I remember one conversation with him.
‘You are not from London, are you?’ he asked me with disdain.
It was a peculiar disdain, really. Then, as now, much of London was from elsewhere. That was the whole point of London. And, given that there were far more deaths about than births, it was the only way London kept going, and growing.
‘No,’ I said. ‘I am from France. My mother sought refuge here. From the king’s forces.’
‘The Catholics?’
‘Yes.’
‘And where is your mother now?’
‘She passed.’
Not a flicker of sympathy. Or curiosity. Just a long studious look. ‘You play like a Frenchman. You have foreign fingers.’
I stared at my hands. ‘Do I?’
‘Yes. You stroke the strings rather than pluck them. It makes a strange noise.’
‘Well, it is a strange noise that Mr Shakespeare likes.’
‘You play well for your age, I suppose. It is a novelty. But you shan’t stay young for ever. No one does. Except that boy out east.’
And there it was.
The moment I realised, even in a place as large as London, I still had to be on my guard.
‘They killed his mother. She was a witch.’
My heart started beating uncontrollably. It took every ounce of effort to fake a semblance of calm.
‘Well, if she drowned, that proved her innocence.’
He looked with suspicion. ‘I never said drowned .’
‘I assumed it was the ducking stool, if it was for witchcraft.’
His eyes narrowed shrewdly. ‘You seem most excited about this. Look, your French fingers tremble. To be honest, I don’t have the details. It was Hal who told me.’

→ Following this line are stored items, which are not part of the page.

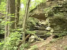 The trail begins on a bluff overlooking the Ohio River. From there a steep trail ascends through a hardwood forest to a rocky stream that runs into the river with waterfalls and large sandstone outcrops. The trail is approximately 0.8 miles (1.3 km) long.[1] The overlook area has primitive camping and picnic facilities.[2] it has multiple trails with many small caves.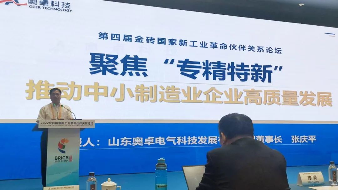 2022年9月7日,“2022金磚國家新工業(yè)革命伙伴關(guān)系論壇”在廈門舉行,山東奧卓電氣科技發(fā)展有限公司作為山東省“專精特新”制造業(yè)企業(yè)代表受邀參加,公司董事長張慶平出席論壇,并以 “聚焦專精特新,推動中小制造業(yè)企業(yè)高質(zhì)量發(fā)展”為題就公司在轉(zhuǎn)型升級過程中對“專精特新”發(fā)展模式的探索與實踐做了報告。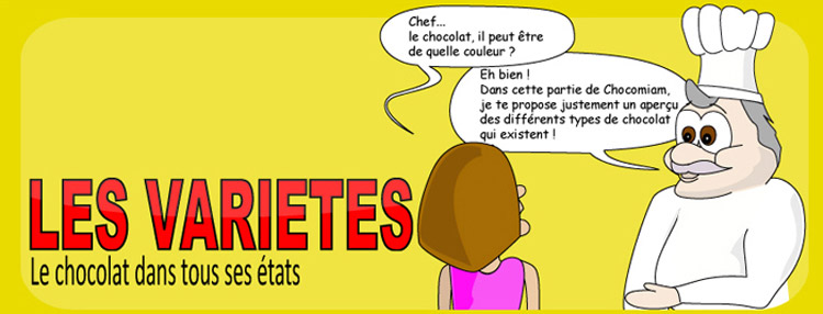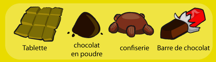 Le chocolat noir :On l’appelle aussi chocolat amer ou chocolat fondant. Il est composé de cacao et de sucre, c’est tout. En France, on appelle chocolat noir un chocolat qui est fait à au moins un tiers de caco. Le chocolat au lait :Comme pour le chocolat noir, on mélange du cacao ainsi que du sucre. Le chocolat blanc :Pour le faire, on utilise pas de cacao pur. On peut trouver ces 3 types de chocolat sous un état solide (tablette de chocolat, confiserie,…) |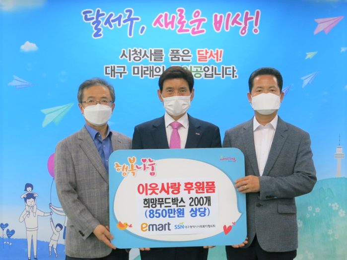 [로컬세계 박세환 기자]대구 달서구는 지난 9일 ㈜이마트 월배점과 달서구사회복지협의회가 참석한 가운데 관내 취약계층에게 후원할 희망푸드박스(850만원 상당) 전달식을 가졌다고 11일 밝혔다.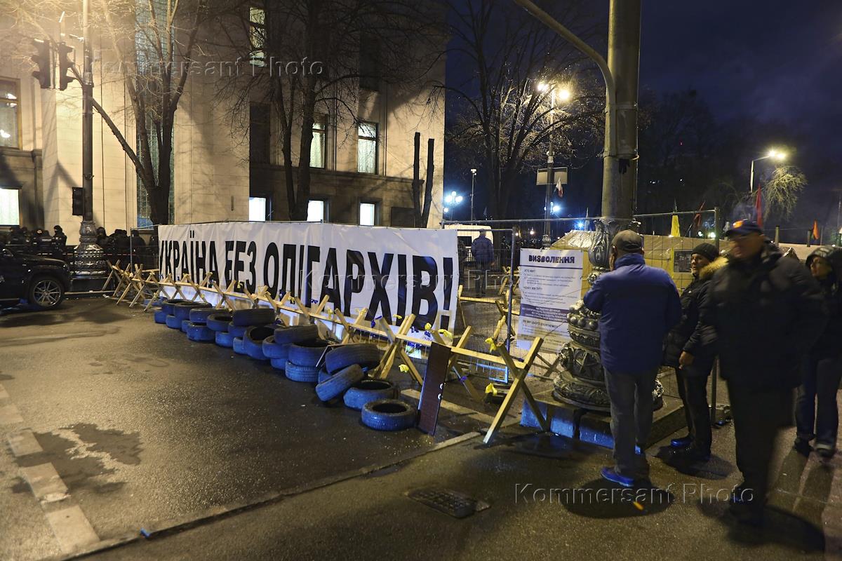 Clashes between law enforcement agencies of Ukraine and supporters of the former governor of Odessa region of Ukraine Mikhail Saakashvili, after his detention. A poster with the sign "Ukraine without oligarchs!".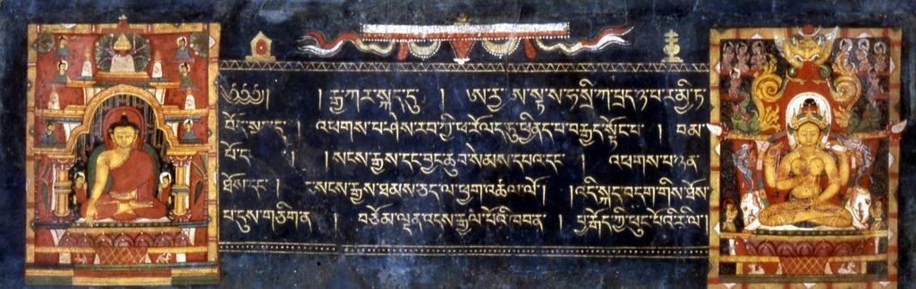 | Keywords: Tibetan - Buddha Shakyamuni and Prajnaparamita - Walters W8561.jpg This is a leaf from a Prajnaparamita Perfection of Wisdom manuscript The text written in Tibetan language and script is a translation of a Sanskrit text that was produced in India as much as a thousand years earlier The translation of hundreds and hundreds of texts into Tibetan was an immense cultural achievement On the left appears the Buddha Shakyamuni on the night of his enlightenment at Bodhgaya The tree under which he was enlightened appears above the temple The goddess at right is Prajnaparamita a personification of the text or an embodiment of its words This is the first leaf The last leaf includes a statement that this sacred object was commissioned by two children for the use of their parents following their rebirth on earth century 13 ink paint paper cm 23 81 69 22 ; Framed cm 32 39 84 77 5 72 accession number W 856 1 40884 John and Berthe Ford Baltimore date and mode of acquisition unknown Walters Art Museum John Berthe Ford 2001 Buddhist text Goddess Divine Energy Art Gallery of New South Wales Sydney 2006-2007 Embodying the Holy Icons in Eastern Orthodox Christianity and Tibetan Buddhism Rubin Museum of Art New York 2010-2011 place of origin Tibet Walters Art Museum license 2D Tibetan art in the Walters Art Museum Tibetan manuscripts Tibetan writing Buddha Prajnaparamita Tibet in the 13th century |

Hal, the mild-mannered flautist, sitting on the bench in front of ours, didn’t really want to be dragged into the conversation. They had known each other for quite a while, and worked on other productions together.
‘The son didn’t age.’ Hal, pale and mousy and small-mouthed, relayed. ‘She had cast a charm and killed a man to give her boy eternal life.’
I had no idea what to say.
Christopher was still scrutinising me. And then we heard footsteps on the galley.
‘Is this an open conversation?’
It was Shakespeare himself. Standing there, opening an oyster shell, then sucking the mollusc out, careful not to make any mess on the quilted taffeta of his costume. As he savoured the taste his eyes stayed on Christopher.